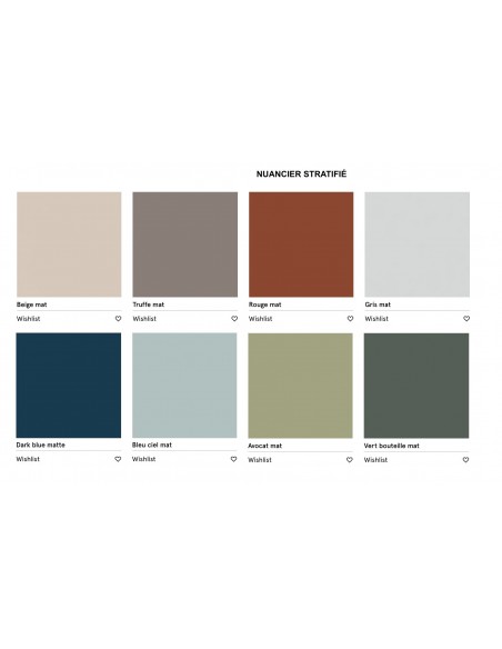 La façade de la banque d’accueil compacte Wave est réalisée en stratifié brillant ou mat suivant les teintes, à découvrir dans le configurateur.
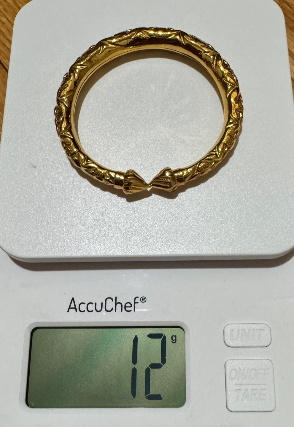 Beautiful gold bangle bracelet with intricate detailing. It weighs approximately 12 grams and has a diameter of about 2.5 inches. This bracelet is in great condition and would make a lovely addition to any jewelry collection
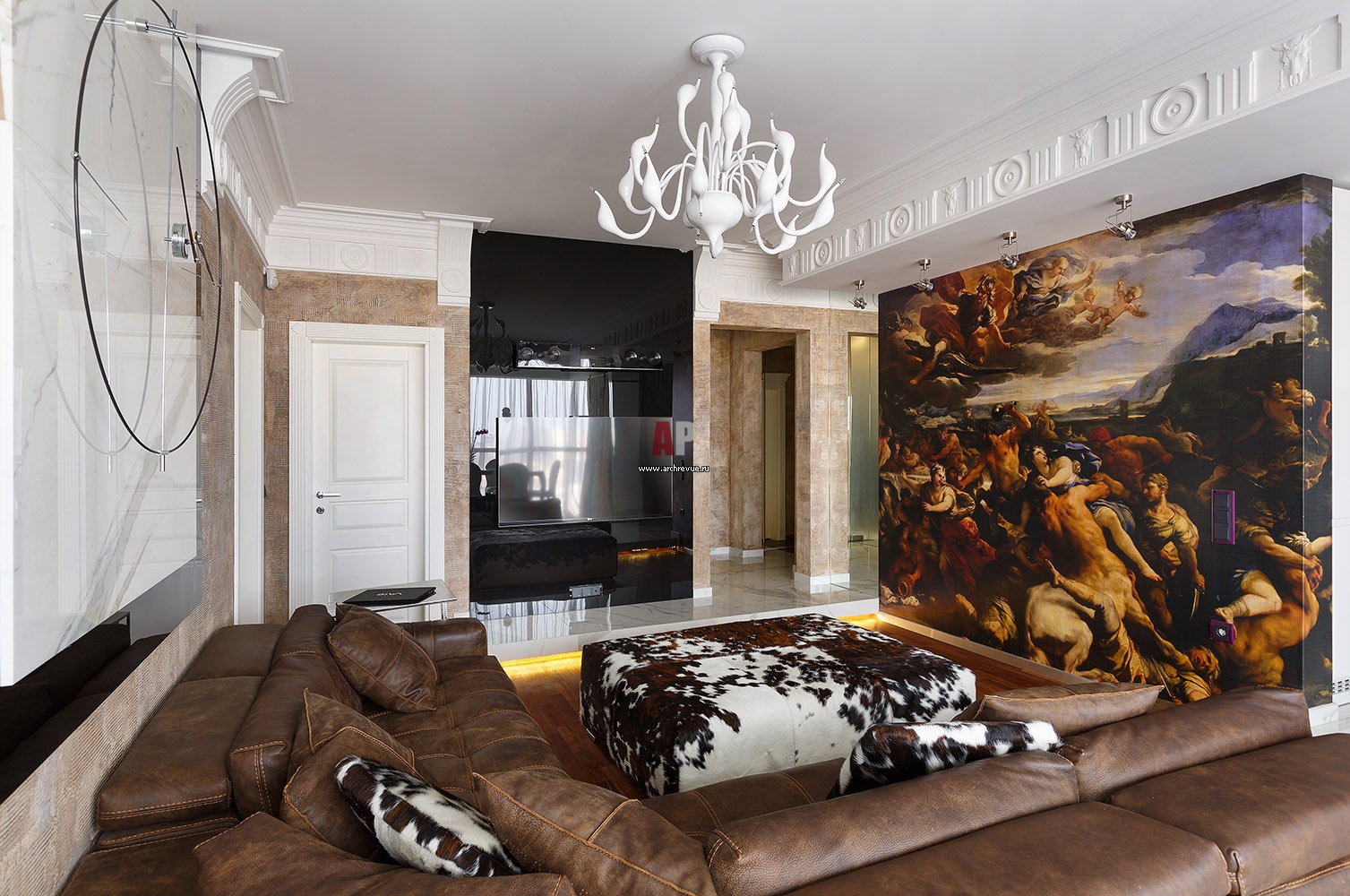 Перепады уровней в гостиной обусловлены технологическими причинами (под ними оборудована система водяного тёплого пола). Они выделены разными материалами (пакетом и белым с серыми прожилками керпамогранитом) и дополнены встроенной подсветкой. Настенные часы с каменным циферблатом, Nomon.
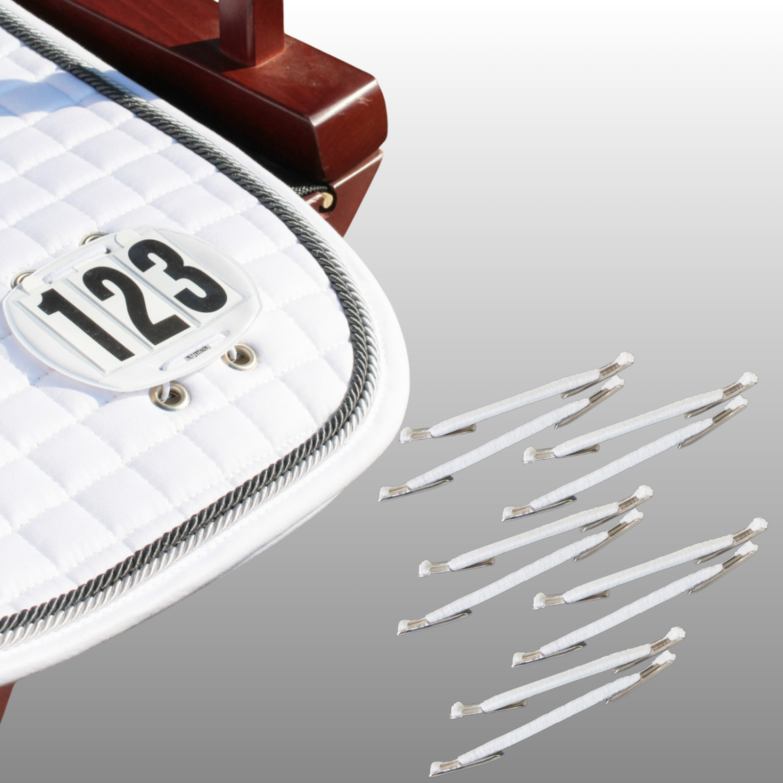Le kit de rechange pour élastiques EQUEST contient 10 élastiques robustes permettant de fixer solidement les numéros de départ sur les tapis de selle ou les brides. Idéal pour une utilisation professionnelle lors des compétitions et événements équestres.
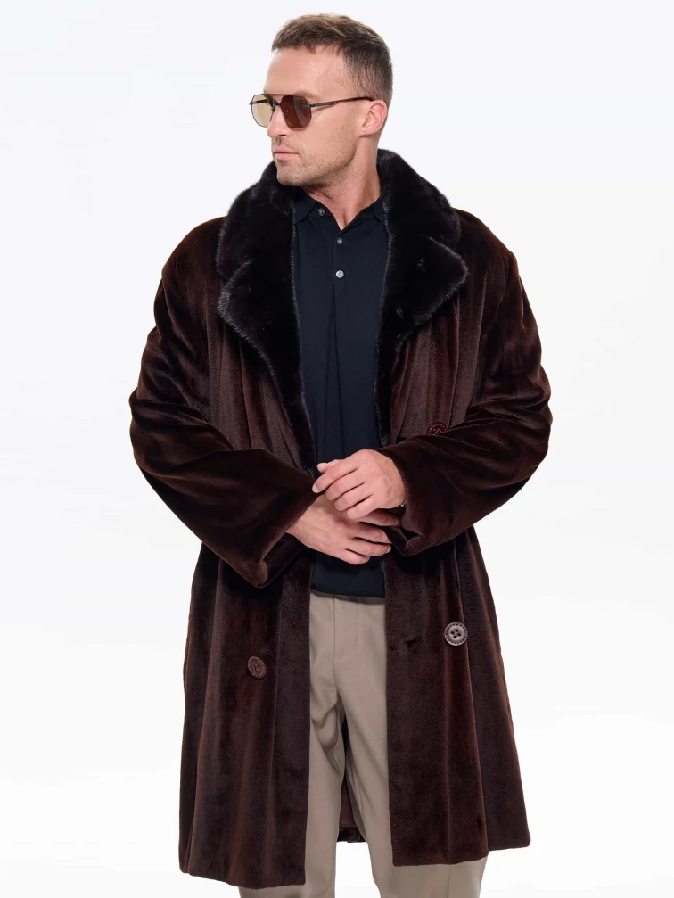Мужская двубортная норковая шуба CADANO F086389A, коричневая, размер 56, артикул 34540

########################################

The records above should be repeated exactly, with no pictures in the copy.

YOUR RESPONSE:
 La façade de la banque d’accueil compacte Wave est réalisée en stratifié brillant ou mat suivant les teintes, à découvrir dans le configurateur.
 Beautiful gold bangle bracelet with intricate detailing. It weighs approximately 12 grams and has a diameter of about 2.5 inches. This bracelet is in great condition and would make a lovely addition to any jewelry collection
 Перепады уровней в гостиной обусловлены технологическими причинами (под ними оборудована система водяного тёплого пола). Они выделены разными материалами (пакетом и белым с серыми прожилками керпамогранитом) и дополнены встроенной подсветкой. Настенные часы с каменным циферблатом, Nomon.
Le kit de rechange pour élastiques EQUEST contient 10 élastiques robustes permettant de fixer solidement les numéros de départ sur les tapis de selle ou les brides. Idéal pour une utilisation professionnelle lors des compétitions et événements équestres.
Мужская двубортная норковая шуба CADANO F086389A, коричневая, размер 56, артикул 34540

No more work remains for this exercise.